## Problem requirements
The answer is every line of the records that holds the word "your", copied in full.
--- Recorded data Enclosed Below ---
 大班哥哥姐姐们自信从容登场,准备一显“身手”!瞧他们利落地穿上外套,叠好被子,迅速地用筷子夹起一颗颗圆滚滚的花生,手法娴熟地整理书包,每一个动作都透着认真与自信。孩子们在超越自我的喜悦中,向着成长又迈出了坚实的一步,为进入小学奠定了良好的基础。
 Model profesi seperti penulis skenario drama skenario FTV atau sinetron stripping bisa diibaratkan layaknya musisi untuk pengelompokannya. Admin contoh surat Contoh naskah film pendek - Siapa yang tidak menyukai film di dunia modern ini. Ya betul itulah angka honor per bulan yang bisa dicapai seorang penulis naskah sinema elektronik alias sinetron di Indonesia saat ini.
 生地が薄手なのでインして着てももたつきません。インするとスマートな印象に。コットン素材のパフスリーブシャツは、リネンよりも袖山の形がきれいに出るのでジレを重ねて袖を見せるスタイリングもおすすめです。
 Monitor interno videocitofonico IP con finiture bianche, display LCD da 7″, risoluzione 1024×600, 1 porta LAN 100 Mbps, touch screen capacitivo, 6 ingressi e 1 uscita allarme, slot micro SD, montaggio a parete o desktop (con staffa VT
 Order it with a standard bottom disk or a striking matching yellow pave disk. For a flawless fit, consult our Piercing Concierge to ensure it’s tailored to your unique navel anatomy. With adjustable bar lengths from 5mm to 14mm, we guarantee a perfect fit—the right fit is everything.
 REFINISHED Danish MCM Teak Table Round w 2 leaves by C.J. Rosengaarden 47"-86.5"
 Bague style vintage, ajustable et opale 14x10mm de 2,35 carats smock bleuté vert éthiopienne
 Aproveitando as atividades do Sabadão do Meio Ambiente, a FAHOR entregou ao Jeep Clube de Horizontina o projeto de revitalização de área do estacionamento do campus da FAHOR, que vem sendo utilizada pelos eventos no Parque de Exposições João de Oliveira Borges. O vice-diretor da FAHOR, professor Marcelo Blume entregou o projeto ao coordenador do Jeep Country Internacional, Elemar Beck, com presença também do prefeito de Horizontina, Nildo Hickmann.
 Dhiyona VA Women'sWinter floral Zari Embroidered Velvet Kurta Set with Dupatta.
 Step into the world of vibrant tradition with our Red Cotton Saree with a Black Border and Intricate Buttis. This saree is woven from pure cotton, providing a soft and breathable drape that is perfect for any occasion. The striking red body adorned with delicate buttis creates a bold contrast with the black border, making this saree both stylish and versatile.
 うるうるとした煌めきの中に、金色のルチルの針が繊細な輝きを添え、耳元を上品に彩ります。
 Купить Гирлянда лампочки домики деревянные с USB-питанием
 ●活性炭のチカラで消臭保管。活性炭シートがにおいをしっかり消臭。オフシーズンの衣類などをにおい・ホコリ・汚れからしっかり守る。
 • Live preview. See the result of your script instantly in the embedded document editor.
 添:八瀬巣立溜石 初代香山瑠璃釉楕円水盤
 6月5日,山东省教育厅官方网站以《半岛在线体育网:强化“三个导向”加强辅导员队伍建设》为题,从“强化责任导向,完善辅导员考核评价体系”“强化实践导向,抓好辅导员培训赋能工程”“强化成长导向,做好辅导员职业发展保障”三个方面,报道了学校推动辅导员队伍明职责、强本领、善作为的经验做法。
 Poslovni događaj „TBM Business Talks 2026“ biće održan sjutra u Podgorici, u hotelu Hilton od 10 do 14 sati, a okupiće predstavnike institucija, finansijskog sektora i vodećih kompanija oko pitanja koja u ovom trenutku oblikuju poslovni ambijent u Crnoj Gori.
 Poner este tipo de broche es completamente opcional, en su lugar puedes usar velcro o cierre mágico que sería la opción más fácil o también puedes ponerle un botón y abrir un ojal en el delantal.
--- End of Enclosed Recorded data ---
## Exercise output
 Order it with a standard bottom disk or a striking matching yellow pave disk. For a flawless fit, consult our Piercing Concierge to ensure it’s tailored to your unique navel anatomy. With adjustable bar lengths from 5mm to 14mm, we guarantee a perfect fit—the right fit is everything.
 • Live preview. See the result of your script instantly in the embedded document editor.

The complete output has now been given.